Rates in tables calculated from fewer than 20 deaths are denoted by (u) as a warning to the user that their reliability as a measure may be affected by the small number of events.
Some data items collected under the Population Statistics Acts (PSA) 1938 and 1960 have been aggregated to protect confidentiality. Occasionally, it has been necessary to apply secondary suppression to avoid the possibility of disclosure by differencing. Some of the figures in some tables may not add precisely due to rounding or suppression.
Our policy on protecting confidentiality in birth and death statistics is available. This guidance was revised in January 2014.
Back to table of contents6. Validation and quality assurance
Accuracy
(The degree of closeness between an estimate and the true value.)

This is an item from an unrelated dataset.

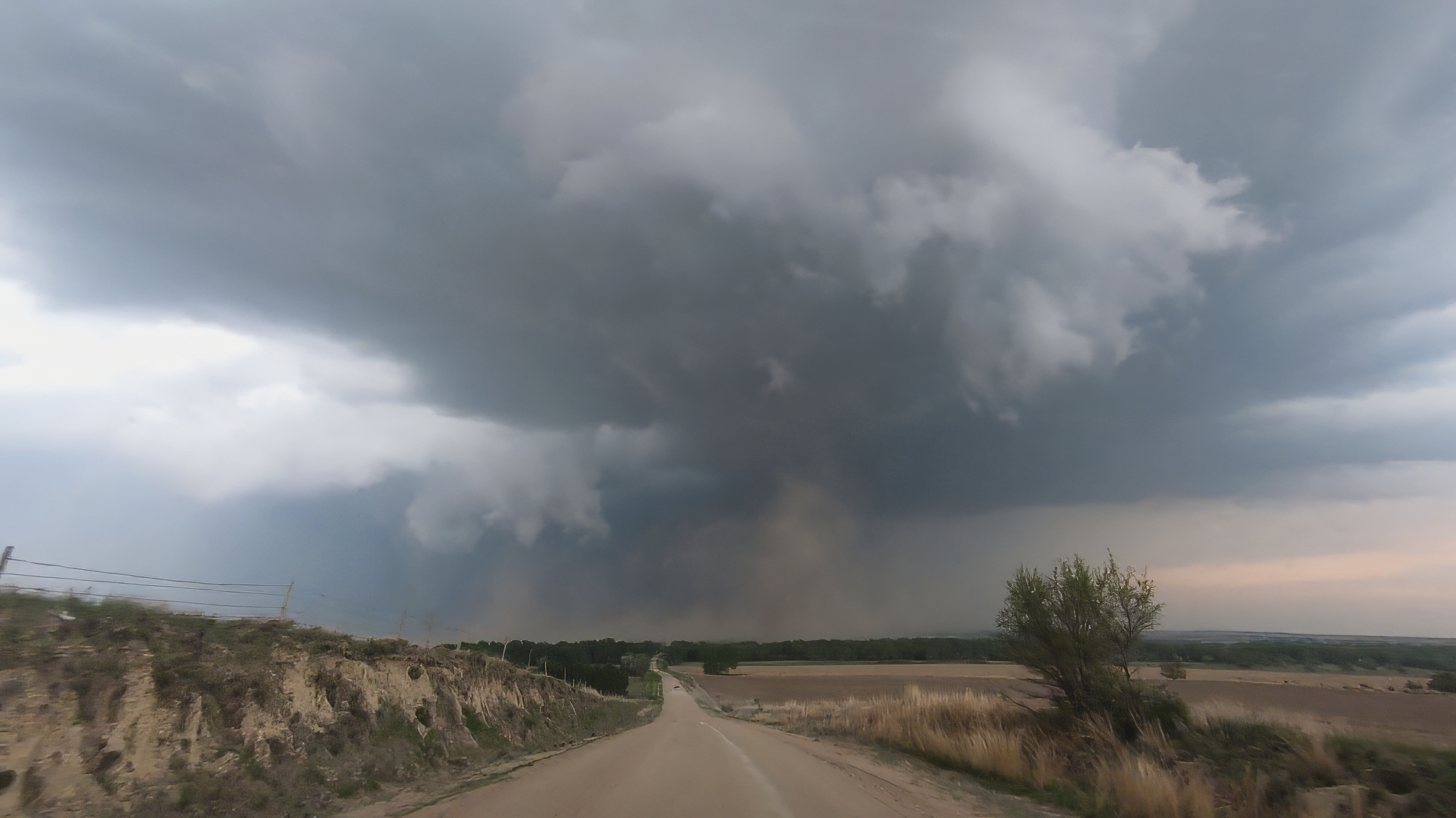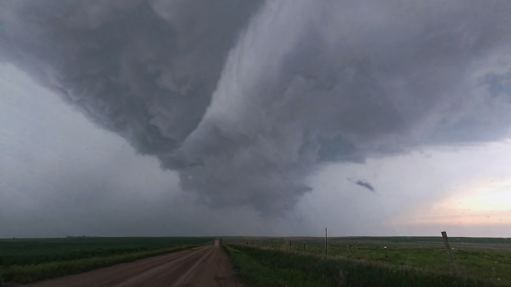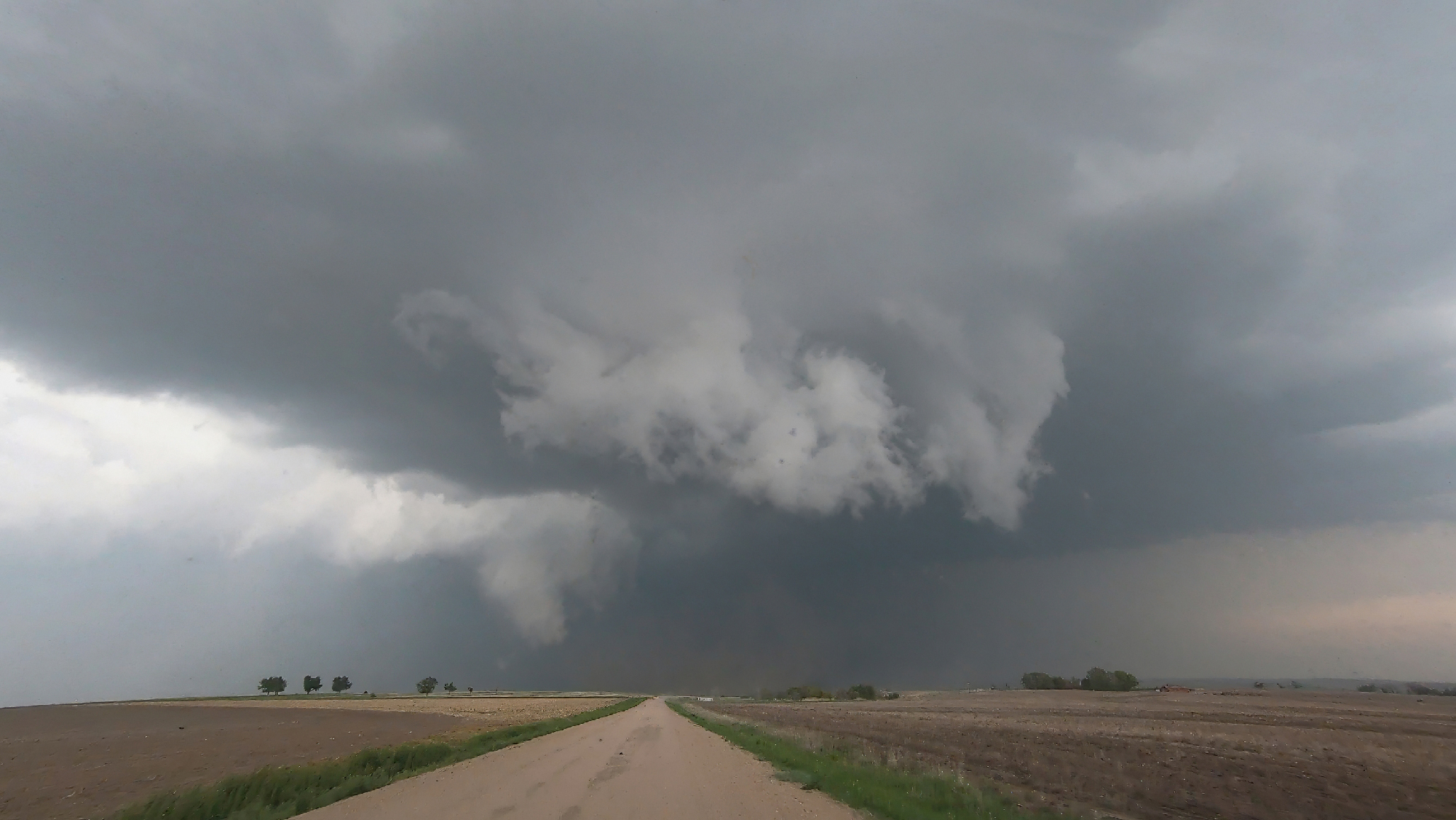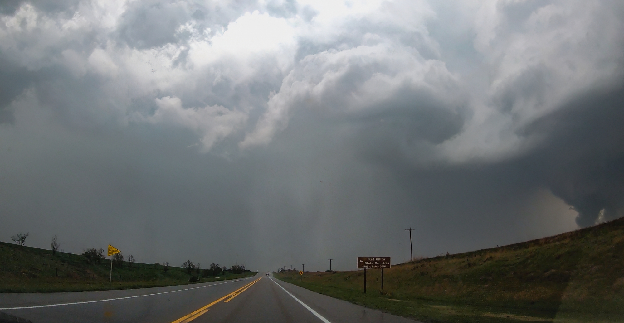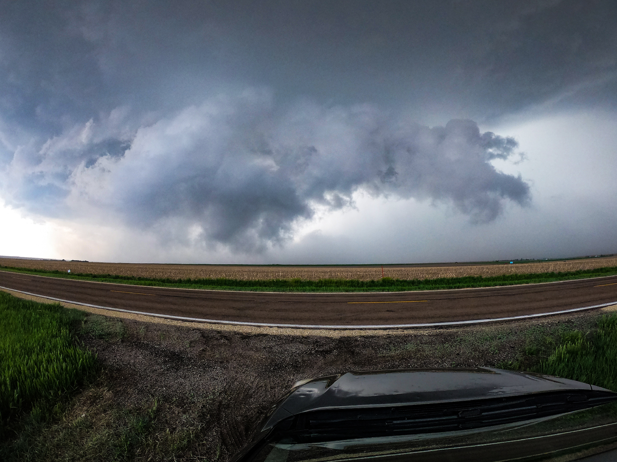 The baby funnels only fueled our appetite for something bigger, but the current cycle soon fell apart as we started losing the battle to out-flank with the storm. Yet once again, a clutch Hwy17 (not an intentional Half Life 2 reference I swear) helped us play catchup. By 5:45, we were trailing just a couple miles behind the storm as a vigorous new RFD cut began to arc into the base. This new surge formed a massive horseshoe with a huge cloud of dust fanning out underneath. Transient lowerings looked suspicious, but the show had not quite started yet. At precisely 5:56 we took a final jog north on Rd380. In a blur, we passed a weather balloon sounding launch as we pushed under the RFD arc. Then, just as we topped the final hill south of the Republican River, a sweeping view north into the jaws of the meso, there she was. A dust column under a small laminar cone standing out amongst the more ragged RFD scud tags. WE HAD TORNADOGENESIS.

Birth and death statistics in England and Wales are derived from birth and death registrations. The data pass through a number of processes before becoming usable for analysis. Mortality Metadata provides additional information on the collection, processing and quality of mortality data for England and Wales. More specific information relating to stillbirths and infant deaths is available in Child Mortality Statistics Metadata. Births Metadata provides detailed information on the registration, collection and quality of births data in England and Wales.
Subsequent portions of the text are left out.